This week’s Cool Designs is all about print pieces that change the way we look at or experience familiar concepts, including a book that embodies its architectural subject matter, a card game that makes us reexamine military actions overseas, and a poster that doubles as a musical instrument. (You can find previous Cool Designs of the Week right here.)
Architectural Book Design
In recent years we’ve become greatly spoiled by a plethora of volumes that act as archives on their given subjects, usually containing pull-out reproductions of ephemera such as brochures, movie scripts and so on. Yet seldom have we seen that attention to detail carried over to the book itself in the same way as Marton Borzak’s tome on Hungarian architect Gabor Farkas. As it turned out, an exposed binding was the perfect match to a type of building for which Farkas was famous. In addition, to cut down on the cost of including ephemera, the makers ended up “perforating the pages so the machines could assemble and bind them, and when the book was ready those pages were torn out at the perforation.” The inclusion of reproductions of the architect’s various notes is a welcome bonus.

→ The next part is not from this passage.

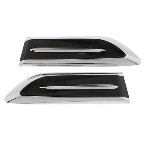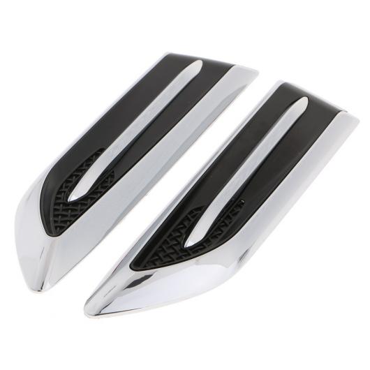 2ピース クロームメッキ 3D サメエラ風 サイド ダミーダクトトリム セット フェイク 通気口 フロー ステッカー デカール AL-II-2427 AL

Drone Strike Card Game Design
If the above heading makes you uncomfortable, you’re not alone. When we first heard of “Bycatch,” we weren’t sure if it was a sick joke or an art project designed to make us think; fortunately it turned out to be the latter. Created by Subalekha Udayasankar and Dutch design consultancy Hubbub, the card game mimics the faulty intelligence and civilian deaths found in the use of military drones today. FastCoDesign walks us through the equally problematic game play:
“You hold a collection of citizen cards in your hand, with the goal to keep these people safe. But when an opponent shouts, ‘Surveil!,’ you must freeze exactly how you’re holding your hand while they reach around your cards to snap a photo. If they see an intended target—or even if they think that blurry image might be the right person—they can order a drone assassination….A civilian casualty will cost you 10 points. But killing your suspect will earn you 100 points. So the game’s mechanics actually lure you into an aggressive posture, to make every effort to get your strikes right, but not make too many apologies when you don’t.”
As with most pieces of foreign policy, “Bycatch” opens itself up to grumbling from both sides of the political divide. Still, any piece of art that encourages further discussion of a thorny moral issue has to be respected.
Sound Poster 4 Design
While most of us are at home tucked up in our beddy-byes, the demented minds over at design firm Trapped in Suburbia appear to be contemplating the best way to mess with people who mess with the posters they make. How else to explain the fact that they’ve now created posters that either play music, hide, or (everyone’s favorite) explode. With Sound Poster 4 they’ve returned to the least socially objectionable response, music, this time by using a conductive layer beneath the print itself to sense the proximity of the user. By interacting with two key spots on the poster, you can actually get a nice theremin effect (though it doesn’t quite have that spooky movie sound we’ve come to equate with that instrument).